BME Ph.D. student receives Best Abstract Award at the Montreal AI Neuroscience (MAIN) conference

Congratulations to BME Ph.D. student Peng Liu (SMILE Lab), who received the Best Abstract Award (undergraduate and graduate level) at the Montreal AI & Neuroscience (MAIN) conference.

Through interdisciplinary collaboration, Liu was mentored by Dr. Ruogu Fang and Dr. Mingzhou Ding. Liu presented his research on deep neural network model for perceiving emotions in affective images that includes both a visual cortex module and an amygdala/orbital frontal cortex (OFC) module.

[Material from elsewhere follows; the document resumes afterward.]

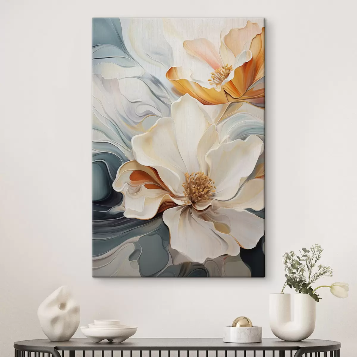 Cuadros Flor abstracta grande con pétalos blancos, naranjas y verde azulado, fondo texturizado. Nr s47878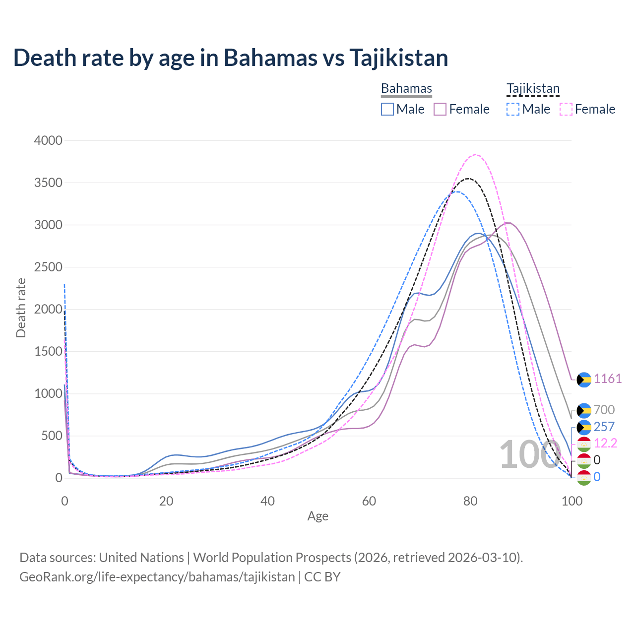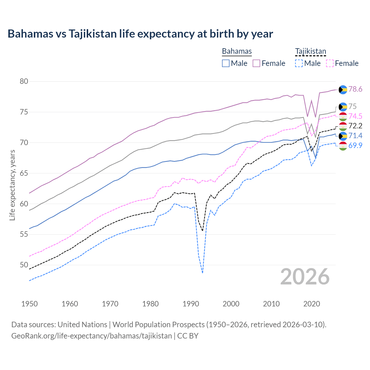 The average life expectancy at birth is 75 years in the Bahamas vs 72.2 in Tajikistan. The Bahamas is ranked 95/197 by life expectancy, and Tajikistan is 121/197. In the Bahamas, the life expectancy is 71.4 years for males and 78.6 years for females. In Tajikistan, it's 69.9 years for males and 74.5 years for females.

The model was trained to predict the valence from affective images (training data) and tested against the normative valence ratings of similar images (testing data). The activities of the amygdala/OFC module of the fully trained model were also compared with fMRI data recorded from human subjects viewing images using the representational similarity analysis. The results show that (1) the model was able to predict valence with high fidelity (R>0.6) for all four datasets, (2) the model’s performance was considerably worse without the “ILF” mediated pathway, and (3) activities in the second-to-last and last layer of the amygdala/OFC module were comparable with activities in the human amygdala and OFC respectively. These results demonstrated that our DNN model has the capability to recognize the emotional content of affective images and can become a platform for formulating and testing neuroscientific hypotheses.

The goal of MAIN is to bring together trainees, researchers including world leaders in Neuroscience and AI from across the globe, and build a more inclusive and diverse Neuro-AI community.